University administrators have no definite explanation for a substantial drop in caseload at Virginia Tech’s Office of Student Conduct for the spring 2010 semester.
According to data compiled in the office’s annual report for the 2009-10 school year, the office handled 973 cases in the spring 2010 semester, a drop from the 1,666 cases the office took on during the fall 2009 semester.
The 973 cases is the lowest semester total since the office handled 1,008 cases during the spring 2005 semester, when the department switched its recordkeeping to track each student charged with a violation.
“There’s nothing that stands out that seemingly dropped,” said Rohsaan Settle, associate director for the Office of Student Conduct. “I can’t quickly identify what is the rationale that the numbers are different.”
One area with a lower number of violations was underage possession and consumption of alcohol. The office of student conduct handled 226 alcohol-related violations in the spring 2010 semester, down from 551 violations in the fall.

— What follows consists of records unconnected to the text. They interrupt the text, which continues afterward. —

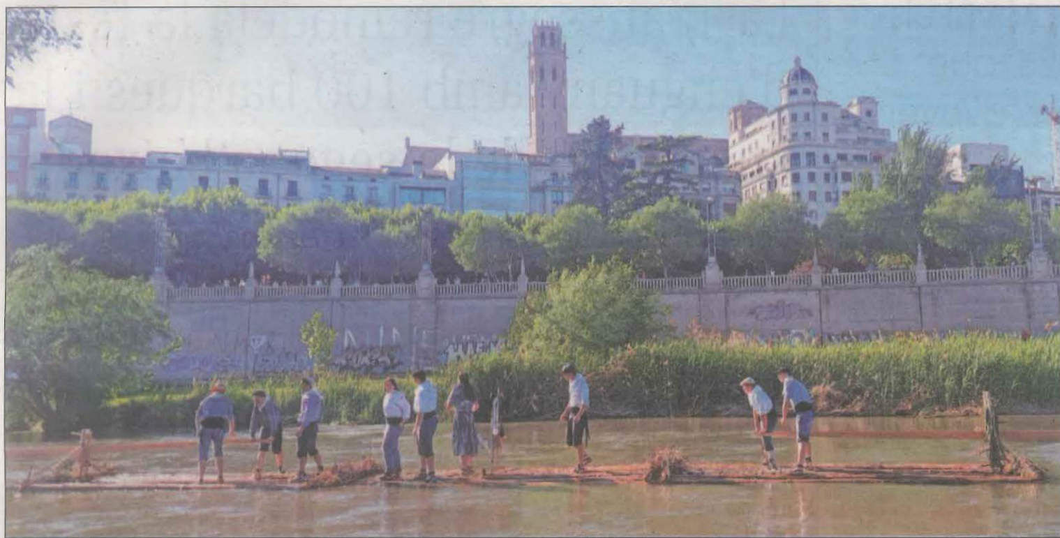
Els raiers de la Pobla de Segur ahir a la tarda als peus de la Seu Vella de Lleida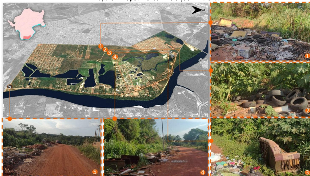
Mapa 5 - Mapeamento – Poluição Ambiental

A área em estudo convive com o abandono e descaso do poder público e, apesar de todo o seu potencial ambiental, a área recebe diariamente despejos ilegais de lixo, intensificando a poluição e degradação ambiental (Mapa 6).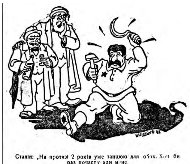
Рис. 13. «На протязі 2 років уже танцюю для обох...». 13 січня 1943 р. «Сумський вісник»

Окремо можемо згрупувати карикатури, в яких висміюються деякі постаті антигітлерівської коаліції.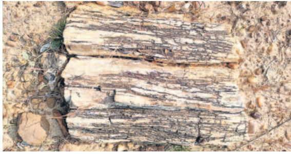
కొండపల్లిలో వృక్ష శిలాజాలు

పెంచికల్ పేట వృక్ష శిలాజాల కోట కొండపల్లి, బొంబాయిగూడ అడవుల్లో గుర్తింపు ● 30 ఎకరాల విస్తీర్ణంలో రకరకాల శిలాజాలు ● ఫాజిల్ పార్కుపర్వతం చేసే రక్షణ చర్యలు చేపట్టాలని కోరుతున్న స్థానికులు ● పర్యాటక అభివృద్ధి కృషి చేస్తామంటున్న అధికారులు కాగజేసగర్ అటవీ డివిజన్లోని పెంచికల్ పేటలోని అరుదైన వృక్ష శిలాజాలకు కేరాఫ్ గా నిలుస్తున్నది. కొండపల్లి, బొంబాయిగూడ అటవీ ప్రాంతంలో 30 ఎకరాల విస్తీర్ణంలో ఉన్నట్లు యంత్రాంగం గుర్తించడం ప్రాధాన్యం సంతరించుకున్నది. వడగాంతోలాగే.. ఇక్కడ ఫాజిల్ పార్కు పర్వతం చేసి.. వాటిని రక్షించాలని స్థానికులు కోరుతుండగా, సర్కారుకు నివేదికలందిస్తామని ఫార్మేషన్లు జమితున్నది.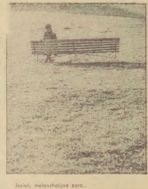
Jasień, melancholijna pora...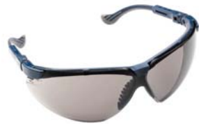
Pulsafe mit Sonnenglas grau Art. Nr. 971.011.025

Anpassbarkeit: Die neue Pulsafe Schutzbrille verfügt über zweifach einstellbare Bügel, so dass ein perfekter Sitz gewährleistet wird. Da der Rahmen extra flexibel ist, fühlt er sich an, wie massgeschneidert und er passt sowohl Damen, als auch Herren. Die Pulsafe ist so komfortabel und leicht, dass diese Schutzbrille sehr gerne getragen wird.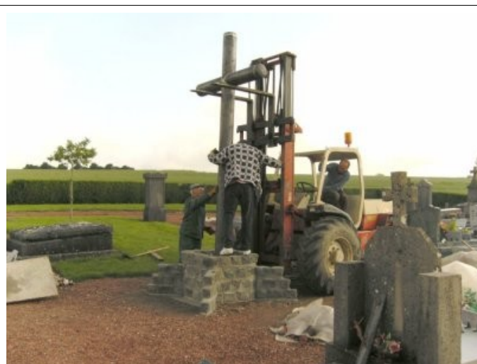
Implantation du calvaire

Le calvaire rue de Ytres a pu être réparé avec le surplus de matériaux. Le socle en béton qui se dégradait depuis quelques années a été remis à neuf. Tous les étés nous profitons de l'employé supplémentaire, embauché quelques mois, pour effectuer tous ces travaux d'entretien et de réparation qu'il serait très difficile de faire réaliser par des entreprises.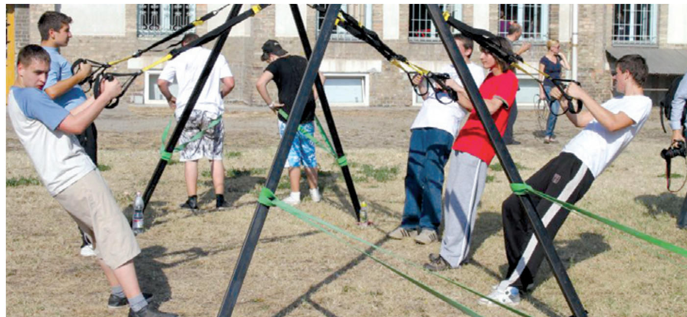
Az egészségnapon a tanulók többféle sportolási lehetőség közül választhattak

A sport és az egészséges táplálkozás jegyében telt el az október 3-i tanítási nap a Pestszentlőrinci Közgazdasági és Informatikai Szakközépiskolában. A diákok számos mozgáslehetőség közül választhattak, és különféle előadásokat hallgathattak meg az egészségről, a megfelelő táplálkozás fontosságáról.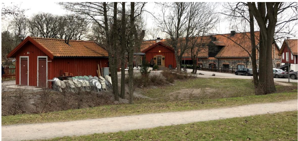
Enskedeparkens bageri och till höger syns Enskede ridstall.

Planområdet gränsar i söder till Enskede Gårdsväg och Enskede ridstall. I planområdets östra kant ligger ett koloniområde. Inom parken finns även ridstigar, promenadvägar och Daliaparken. Norr om planområdet ligger Bägerstavägen och villabebyggelse. Längre norrut ligger en förskola inom fastigheten Lillstugan 1.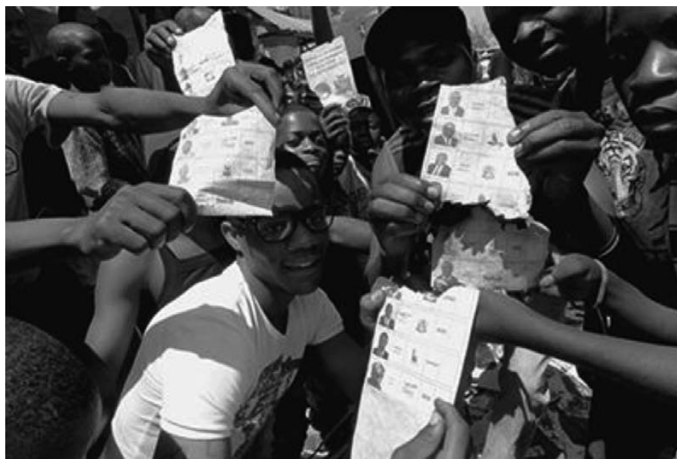
Рис. 3. Подтасовка выборов до сих пор очень распространена во многих странах

Коррупция может подорвать конкуренцию на выборах, увеличивая неравенство между политическими партиями и снижая их конкурентоспособность. Электоральные фальсификации и нарушения могут принимать разнообразные формы. Две наиболее известные — подтасовка результатов голосования и покупка голосов избирателей (см. рис. 3). Так, одним из давно известных примеров покупки голосов являются «расточительные выборы» в 1768 году в Нортхэмптоне (Великобритания). Существует бесчисленное множество предполагаемых и доказанных случаев применения обеих этих

For most school years, spring semesters have a lower caseload, reasons including the end of football season, increased student knowledge of university policy and cold weather during the early portions of the spring semester.
“Weather plays a large factor,” said Steve Clarke, director of Tech’s College Alcohol Abuse Prevention Center. “When it’s colder, people stay inside. People see less going on.”
Clarke noted his office had more referrals later in the spring semester.
“We had a really harsh winter, and then boom, we had the warmest spring we’ve had in years,” he said.
Student conduct records show 201 offending students had their alcohol classes from the spring scheduled for the fall 2010 semester, and Clarke said about 120 have yet to finish their classes.
“Once you get past April 15, it’s really tough to get people through these classes,” Clarke said.
The center runs three different alcohol classes: Making Positive Choices, Motivational Interviews, and Positive Alcohol Choices and Strategies.
For the entire 2009-10 year, the center saw 889 offending students taking alcohol-related classes, up from 738 students in 2008-09, an increase of 17.6 percent.
“There hasn’t been a big fluctuation in drinking behavior,” Clarke said. “It suggests more of the activity of the referral agents rather than the students.”
Referrals for the spring semester were down from almost every referral agent compared to the fall semester, with referrals from residential advisor staff taking the largest drop.
Referrals from Communication Network Services, Tech Police and Blacksburg Police also saw large drops between fall 2009 and spring 2010.
Residential advisor staff rang up just 168 referrals in spring 2010, after submitting 312 referrals in fall 2009.
The overall number of violations reported by residential advisor staff has taken a substantial drop in only the past three years, from 1,173 referrals in the 2007-08 school year, to 530 in the 2008-09 school year, to 480 in 2009-10.
Carl Krieger, assistant director of Residence Life, said residential advisors are informed of university policy and how to refer violations to the Office of Student Conduct before the start of the school year and consistently trained throughout the year.
“They aren’t allowed to look at a university violation and look away,” Krieger said.
A version of this article appeared in the Sep 16 issue of the Collegiate Times.